> [Exercise goal]:
Restate word for word the entries below, starting at the line with "Zlaté dlouhé společenské šaty ETOLY s flitry" and ending at the line with "Three-bedroom semi-detached house". Keep both end lines and omit the pictures.

> [Dataset excerpts]:

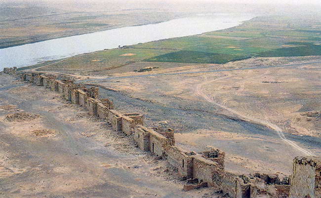 Euphrate![]() Ruines bysantines de Halabiye sur la rive droite de l'Euphrate en Syrie - Photo J. Galloux, in Syrie, mémoire de l'Orient. Halabiye (ou Zenobia) a été fortifiée au IIIe siècle de notre ère par Zénobie (240-275), reine de Palmyre (267-273). Après la révolte d'indépendance de Zénobie contre l'Empire romain en 273, l'empereur Aurélien (214-275, règne 270-275) s'empare du site qui sera fortifié sous Dioclétien (244-312, règne 284-305) dans le cadre du 'Limes Arabicus' (1500 km de protection du nord de la Syrie au Sud de la Palestine et au nord de l'Arabie). Image suivante : le site de Zalabiye sur la rive opposée. ![]() ![]() L'Euphrate presque asséché par la fermeture des vannes du barrage irakien de Falloujah - Image Internet |
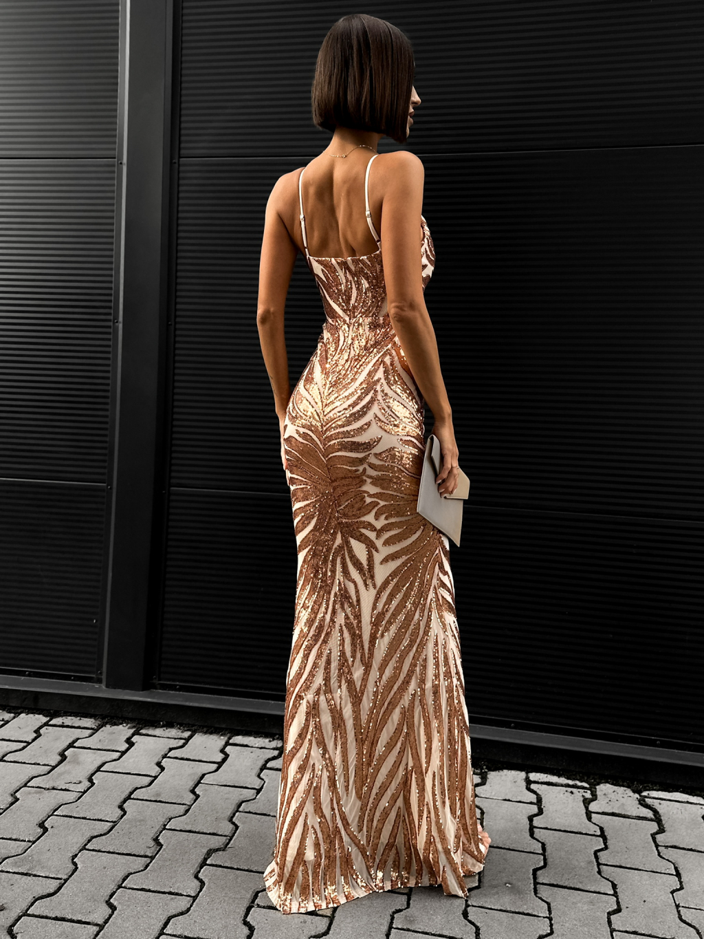 Zlaté dlouhé společenské šaty ETOLY s flitry
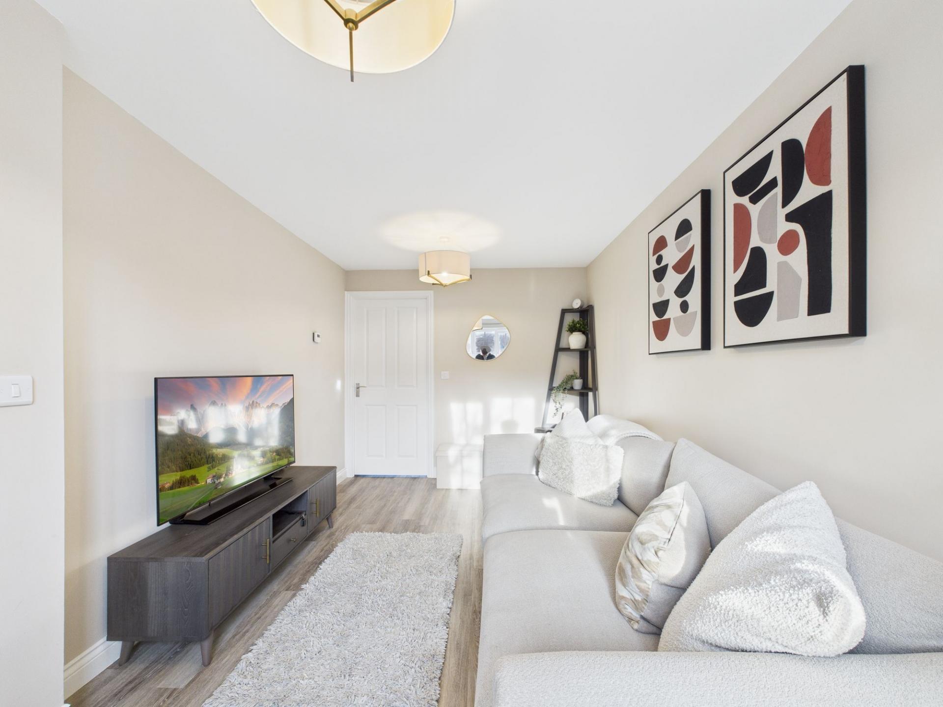 Three-bedroom semi-detached house with off-road parking, bright interiors, built-in storage, front and rear gardens, and...
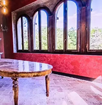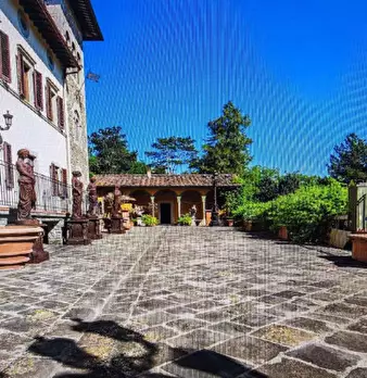 Barberino di Mugello (Mangona) - In alta collina, in antico borgo storico del 1600, panoramica e dominante Proprietà così composta: colonica libera su 4 lati, Villa Padronale, cappella privata, 2 garage, depositi, annessi, piscina (18x3), campo da...
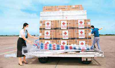 10月13日,中國政府援助老撾第六批100萬劑新冠疫苗抵達老撾首都萬象瓦岱國際機場。中國駐老撾大使姜再冬向老撾人民革命黨中央政治局委員、政府副總理吉喬移交疫苗。圖為工作人員卸載并裝運疫苗物資。
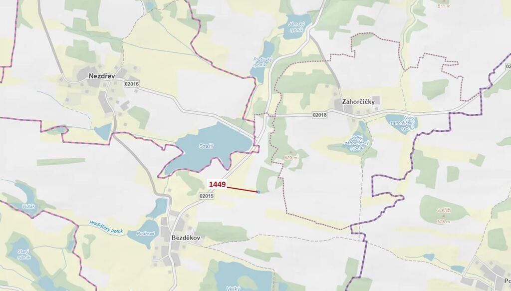 Lesní pozemek o výměře 638 m2, parcelní číslo 1449, podíl 1/1, katastrální území Bezděkov u Kasejovic, obec Hradiště, obec s rozšířenou působností Nepomuk, okres Plzeň-jih, Plzeňský kraj. Po těžbě.
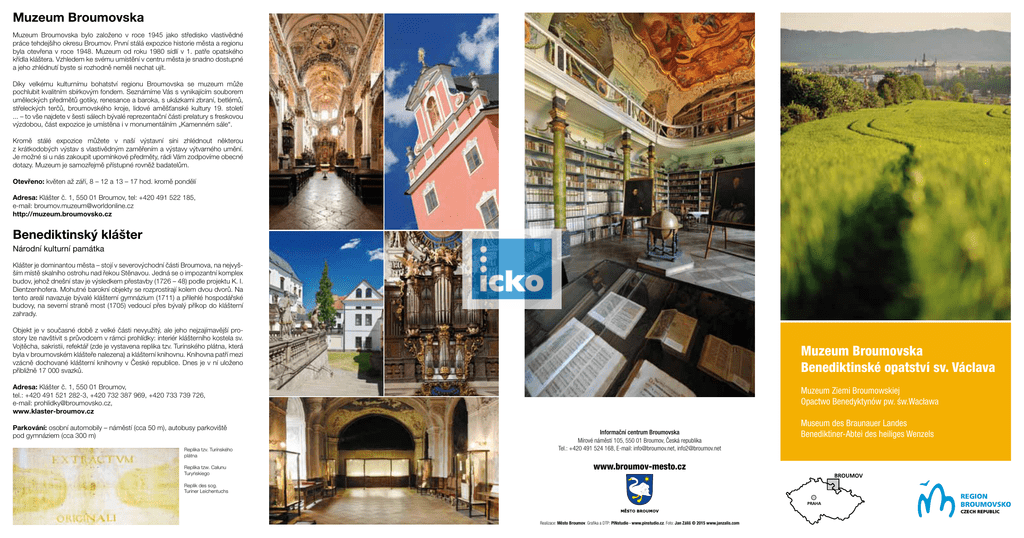 Muzeum Broumovska Muzeum Broumovska bylo založeno v roce 1945 jako středisko vlastivědné práce tehdejšího okresu Broumov. První stálá expozice historie města a regionu byla otevřena v roce 1948. Muzeum od roku 1980 sídlí v 1. patře opatského křídla kláštera. Vzhledem ke svému umístění v centru města je snadno dostupné a jeho zhlédnutí byste si rozhodně neměli nechat ujít. Díky velkému kulturnímu bohatství regionu Broumovska se muzeum může pochlubit kvalitním sbírkovým fondem. Seznámíme Vás s vynikajícím souborem uměleckých předmětů gotiky, renesance a baroka, s ukázkami zbraní, betlémů, střeleckých terčů, broumovského kroje, lidové aměšťanské kultury 19. století ... – to vše najdete v šesti sálech bývalé reprezentační části prelatury s freskovou výzdobou, část expozice je umístěna i v monumentálním „Kamenném sále“. Kromě stálé expozice můžete v naší výstavní síni zhlédnout některou z krátkodobých výstav s vlastivědným zaměřením a výstavy výtvarného umění. Je možné si u nás zakoupit upomínkové předměty, rádi Vám zodpovíme obecné dotazy. Muzeum je samozřejmě přístupné rovněž badatelům. Otevřeno: květen až září, 8 – 12 a 13 – 17 hod. kromě pondělí Adresa: Klášter č. 1, 550 01 Broumov, tel: +420 491 522 185, e-mail: [email protected] http://muzeum.broumovsko.cz Benediktinský klášter Národní kulturní památka Klášter je dominantou města – stojí v severovýchodní části Broumova, na nejvyšším místě skalního ostrohu nad řekou Stěnavou. Jedná se o impozantní komplex budov, jehož dnešní stav je výsledkem přestavby (1726 – 48) podle projektu K. I. Dientzenhofera. Mohutné barokní objekty se rozprostírají kolem dvou dvorů. Na tento areál navazuje bývalé klášterní gymnázium (1711) a přilehlé hospodářské budovy, na severní straně most (1705) vedoucí přes bývalý příkop do klášterní zahrady. Objekt je v současné době z velké části nevyužitý, ale jeho nejzajímavější prostory lze navštívit s průvodcem v rámci prohlídky: interiér klášterního kostela sv. Vojtěcha, sakristii, refektář (zde je vystavena replika tzv. Turínského plátna, která byla v broumovském klášteře nalezena) a klášterní knihovnu. Knihovna patří mezi vzácně dochované klášterní knihovny v České republice. Dnes je v ní uloženo přibližně 17 000 svazků. Muzeum Broumovska Benediktinské opatství sv. Václava Adresa: Klášter č. 1, 550 01 Broumov, tel.: +420 491 521 282-3, +420 732 387 969, +420 733 739 726, e-mail: [email protected], www.klaster-broumov.cz Parkování: osobní automobily – náměstí (cca 50 m), autobusy parkoviště pod gymnáziem (cca 300 m) Replika tzv. Turínského plátna Replika tzw. Całunu Turyńskiego Muzeum Ziemi Broumowskiej Opactwo Benedyktynów pw. św.Wacława Informační centrum Broumovska Mírové náměstí 105, 550 01 Broumov, Česká republika Tel.: +420 491 524 168, E-mail: [email protected], [email protected] www.broumov-mesto.cz Replik des sog. Turiner Leichentuchs Realizace: Město Broumov. Grafika a DTP: PINstudio · www.pinstudio.cz. Foto: Jan Záliš © 2015 www.janzalis.com Museum des Braunauer Landes Benediktiner-Abtei des heiliges Wenzels Museum des Braunauer Landes Muzeum Ziemi Broumowskiej Das Museum des Braunauer Landes wurde im Jahre 1945 als Zentrum heimatkundlicher Arbeit des damaligen Bezirks Broumov gegründet. Die erste Dauerexposition über die Geschichte der Stadt und der Region wurde im Jahre 1948 eröffnet. Seit 1980 hat das Museum seinen Sitz im 1. Stock eines Flügels des Abteiklosters. Das Museum ist mit Rücksicht auf seine Lage im Stadtzentrum leicht erreichbar. Sie sollten sich dessen Besuch nicht entgehen lassen. Muzeum Ziemi Broumowskiej zostało założone w 1945 roku jako ośrodek krajoznawczy byłego powiatu Broumov. Pierwsza stała ekspozycja historii miasta i regionu została otwarta w 1948 roku. Muzeum od 1980 roku ma swoją siedzibę na 1. piętrze opackiego skrzydła klasztoru. Ze względu na swoją lokalizację w centrum miasta jest łatwo dostępne, zdecydowanie polecamy jego zwiedzenie. Dank eines großen kulturellen Reichtums der Region kann das Museum stolz auf seinen Sammlungsfond von hoher Qualität sein. Sie werden bei uns mit einer ausgezeichneten Kollektion von Kunstgegendständen aus der Zeit der Gotik, Renaissance und dem Barock, mit einer Mustersammlung von Waffen, Weihnachtskrippen, Schießscheiben und Trachten der Gegend sowie auch mit Volks- und Bürgerkultur des 19. Jahrhunderts bekannt gemacht. Dies alles finden Sie in sechs Sälen des mit Fresken verzierten Gebäudeteils der ehemaligen Prälatur, der zur Repräsentation diente. Ein Teil der Exposition ist im monumentalen, sogenannten „Steinsaal“ untergebracht. Außer der Dauerexposition kann man sich auch eine der kurzfristigen, auf Heimatkunde orientierten Ausstellungen oder Ausstellungen bildender Kunst ansehen. Man kann bei uns auch Souvenirs kaufen. Wir sind bereit, Ihre allgemeinen Fragen gerne zu beantworten. Das Museum ist selbstverständlich auch den Forschern zugänglich. Öffnungszeiten: Mai bis September, 8 – 12 und 13 - 17 Uhr außer Montag Adresse: Klášter 1, 550 01 Broumov, Tschechische Republik tel.: +420 491 522 185, e-mail: [email protected] http://muzeum.broumovsko.cz Dzięki pokaźnemu bogactwu kulturalnemu regionu Ziemi Broumowskiej muzeum może się poszczycić świetnymi zbiorami. Zapoznamy Państwa ze znakomitymi kolekcjami przedmiotów artystycznych z okresu gotyki, renesansu i baroku, z eksponatami broni, szopek, tarcz strzelniczych, broumowskich strojów ludowych, kultury ludowej i mieszczańskiej 19. wieku ... to wszystko można znaleźć w sześciu salach byłej reprezentacyjnej części pałacu opackiego (tzw. prelatury) z freskową dekoracją, część ekspozycji mieści sięwmonumentalnej „Sali Kamienne

> [Solution]:
 Zlaté dlouhé společenské šaty ETOLY s flitry
 Three-bedroom semi-detached house with off-road parking, bright interiors, built-in storage, front and rear gardens, and...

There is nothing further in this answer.